Все вернулось на круги своя, как в какой-то пьесе абсурда. Как будто не было двух лет нормальной, человеческой жизни, будто не было ее работы на радио, рождения Антошки, замужества… ничего! Как будто кем-то могущественным и недобрым все это запрограммировано до скончания ее дней, и никак не вырваться из этой предопределенности!

А тут еще захороводились вокруг нее старые знакомые больные, помнившие ее по прошлым годам:,Ершова приехала! Ершова приехала!"

Теперь все — сама жизнь, безусловно, кончилась. Еще раз выдержать этот психбольничный марафон, еще раз выйти отсюда, еще раз все начать сначала — да какие же силы нужны на все это?! Она же всего-то человек. Только человек.
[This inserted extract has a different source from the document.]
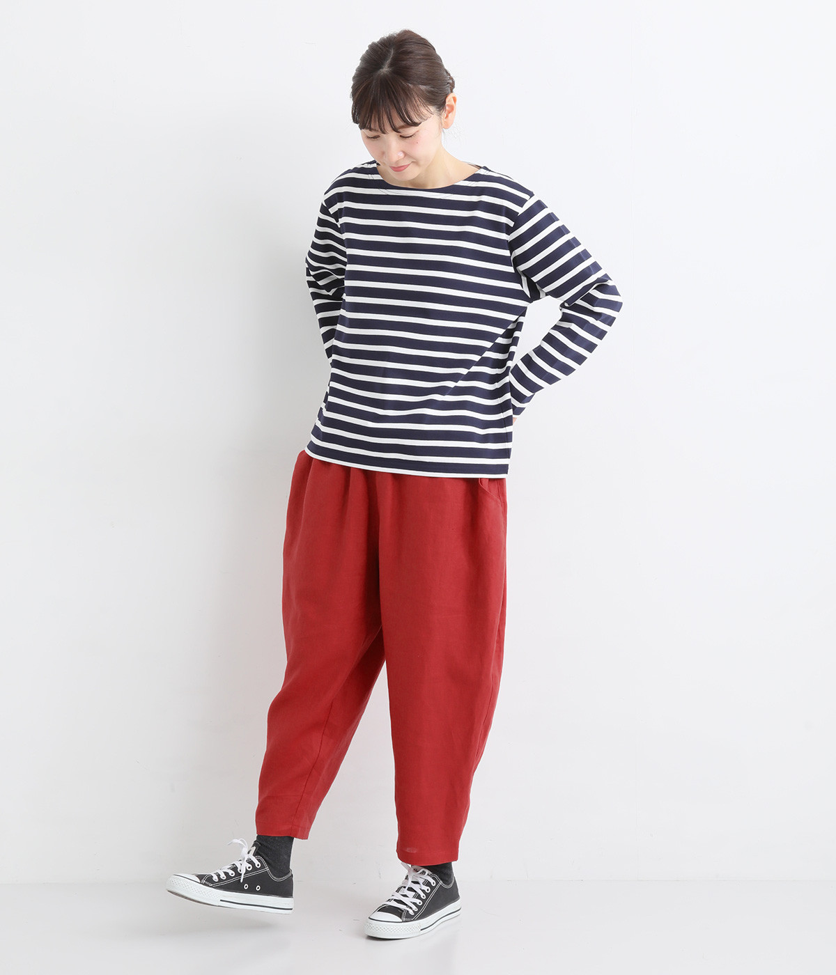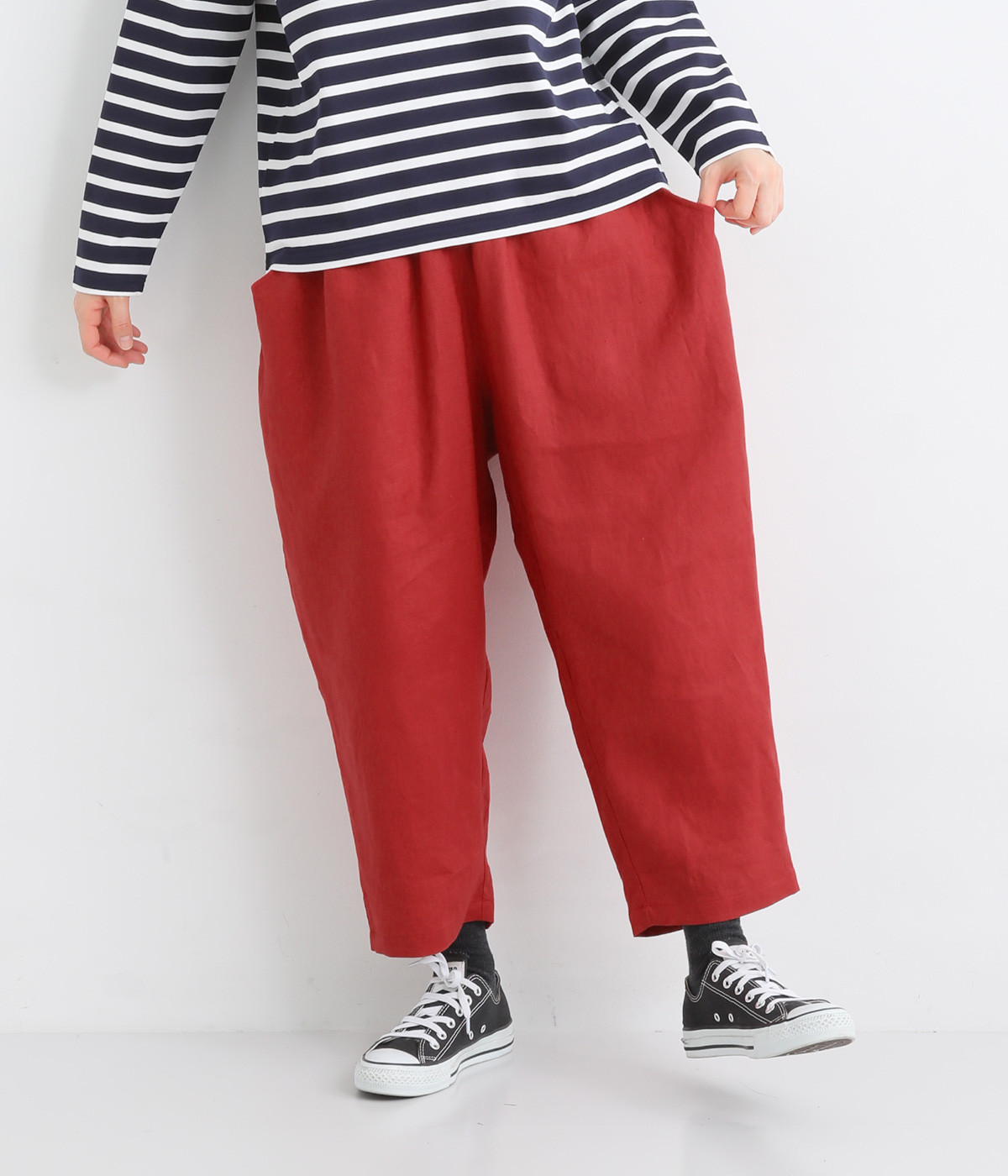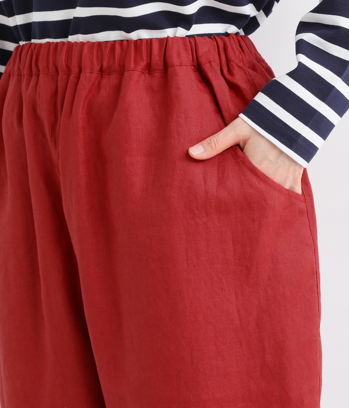 リネン特有のすとんとした落ち感で広がりすぎず、足さばきも快適。穿き心地が抜群で、つい毎日穿きたくなってしまいます。

— Ну, пошли, чего встала! — толкнула ее в спину одна из красномордых, и Елена послушно, словно окончательно лишившись воли, последовала за ней в надзорку.

Все та же переполненная палата для "буйных", для тех, кому прописан "особый надзор".

Грязное постельное белье, на койках — несколько человек, прикрученных к железным сеткам грязными веревками.

Наголо стриженные головы и искривленные, слюнявые рты, вопящие нечто бессмысленное и дикое…

Конец, конец! Всему конец… больше она отсюда не выйдет…

Елена не могла понять, как это случилось, только сутки вдруг промелькнули, словно единый миг. Что это было — потеря памяти, сознания? А может, естественная реакция психики — самоспасение, самозащита от перегрузки.

Утром следующего дня пришел Ворон. Конечно, он знал уже, что она — в первом отделении, причем снова — в надзорке. Хотя для чего было нужно помещать туда ее со всеми незажившими болячками, столь слабую еще после всего перенесенного, трудно было понять.

— Ну, здравствуй! — сказал ей Ворон. Он сел рядом, на краешек постели, и смешно склонил голову набок, как любопытный грач.

— Что тебя сейчас беспокоит?

— Повязки, — тихо сказала она. — Все намокло, до того противно…

— Так. — Ворон поднялся, нахмурился. — Подожди меня пять минуток… я сейчас!

И правда, через несколько минут Ворон, явно возбужденный, взбудораженный, принес откуда-то бикс со стерильными салфетками и позвал ее: "Пойдем, перевяжемся!"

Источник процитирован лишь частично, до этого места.